Note If your workspace was enabled for Unity Catalog automatically, this guide does not apply to you. See this guide instead.
Note Except for metastore, metastore assignment and storage credential objects, Unity Catalog APIs are accessible via workspace-level APIs. This design may change in the future.
Databricks Unity Catalog brings fine-grained governance and security to Lakehouse data using a familiar, open interface. You can use Terraform to deploy the underlying cloud resources and Unity Catalog objects automatically, using a programmatic approach.
This guide creates a metastore without a storage root location or credential to maintain strict separation of storage across catalogs or environments.

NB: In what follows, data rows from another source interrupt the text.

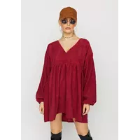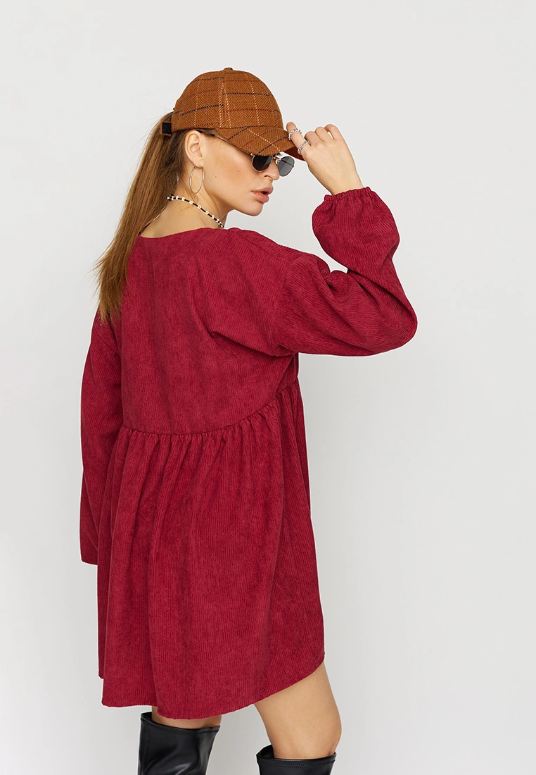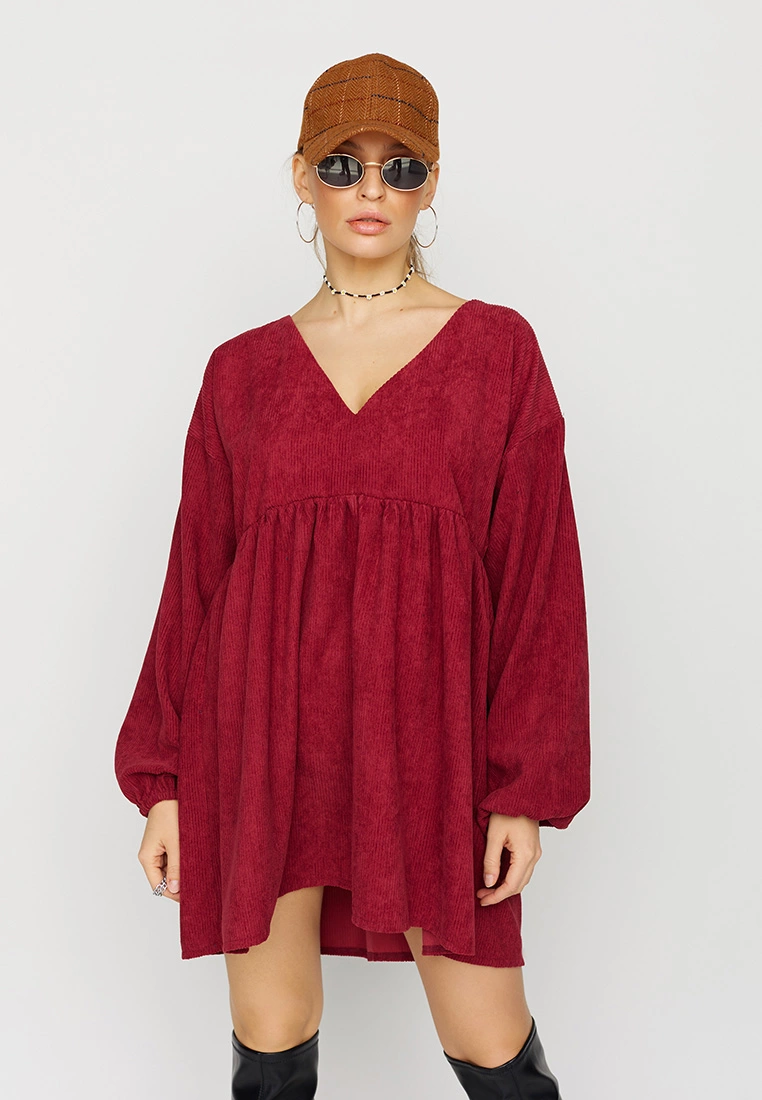 Платье мини из вельвета, отрезная линия талии,v-образный вырез, спущенная линия плеча, широкий рукав собран внизу на резинку
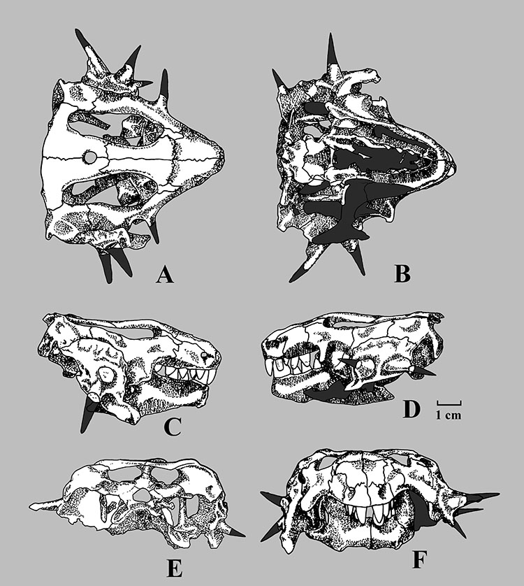 Hypsognathus fenneri YPM 55831 after SUES, OLSEN, SCOTT & SPENCER, 2000: A) dorsal; B) ventral; C) right lateral; D) left lateral; E) posterior and F) anterior views.
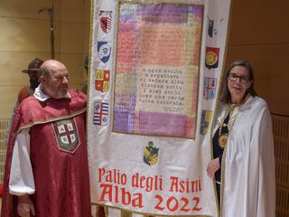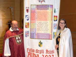 Tra i presenti non poteva mancare Margherita Fenoglio, figlia dello scrittore e già presidente del Centro Studi dedicato all’opera del padre, che ha ricevuto dalle mani del presidente sensibile il riconoscimento di "Amico della Giostra" conferito annualmente dal sodalizio. Per lei, visibilmente emozionata, l’omaggio di un’immagine d’antan recuperata dagli archivi della Giostra, dall’anno in cui interpretò la figura della Signora del Palio.
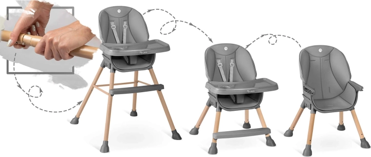 - 3-in-1: hoge stoel, lage stoel om te spelen, zitten aan tafel zonder blad
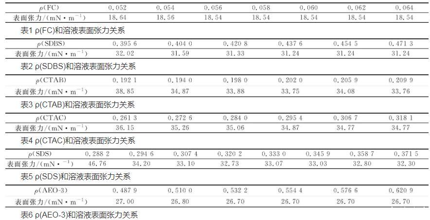 由表1~6可见,不同表面活性剂的临界胶束浓度为:FC为0.056 0 g/L,AEO-3为0.532 2 g/L,SDBS为0.437 6 g/L,CTAB为0.202 0 g/L,CTAC为0.306 7 g/L,SDS为0.320 2 g/L,CMC由小到大顺序为:FC
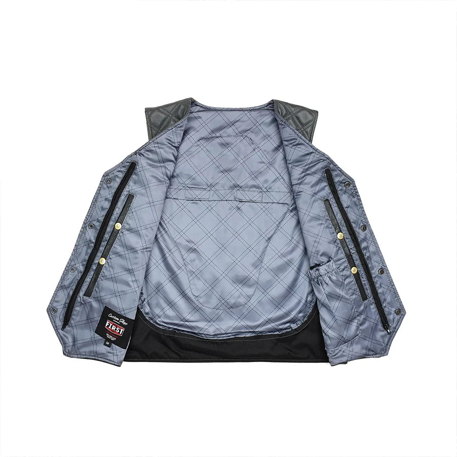 The Hammer Down Western-Style Men’s Motorcycle Leather Vest is crafted from 1.1mm diamond cowhide with grey leather double-diamond quilting on the front and back yoke. It features a Western-style V-neck with grey stitching, a four-snap front, and grey leather side lacing for an adjustable fit. Reflector piping runs along the center and outer edges for added visibility. Inside, the vest includes two concealed carry pockets with bullet snaps, a dedicated cell phone pocket, and CE-rated armor pockets designed for protection. A three-panel grey double-diamond satin lining with black background completes this durable and functional biker vest.
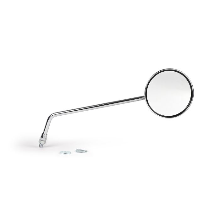 De BGM PRO spiegels hebben een ideale verhouding tussen armlengte en spiegeloppervlak. Met een spiegeloppervlak van slechts 95 mm harmonieert de look perfect met klassieke scooters. De lengte van de montagearm is gemeten (250mm) zodat er altijd perfect zicht naar achteren is. Het steekt slechts minimaal uit buiten de zijcontour van de scooter. Dit betekent dat de praktische bruikbaarheid volledig behouden blijft, zelfs als het krap wordt...

This guide uses the following variables in configurations:
databricks_resource_id
: The Azure resource ID for the Databricks workspace where Unity Catalog will be deployed. It should be of the format /subscriptions/00000000-0000-0000-0000-000000000000/resourceGroups/group1/providers/Microsoft.Databricks/workspaces/workspace1
. To find the resource ID, navigate to your Databricks workspace in the Azure portal, select the JSON View link on the Overview page.This guide is provided as-is and you can use this guide as the basis for your custom Terraform module.
To get started with Unity Catalog, this guide takes you through the following high-level steps:
Initialize the 3 providers to set up the required resources. See Databricks provider authentication, Azure AD provider authentication and Azure provider authentication for more details.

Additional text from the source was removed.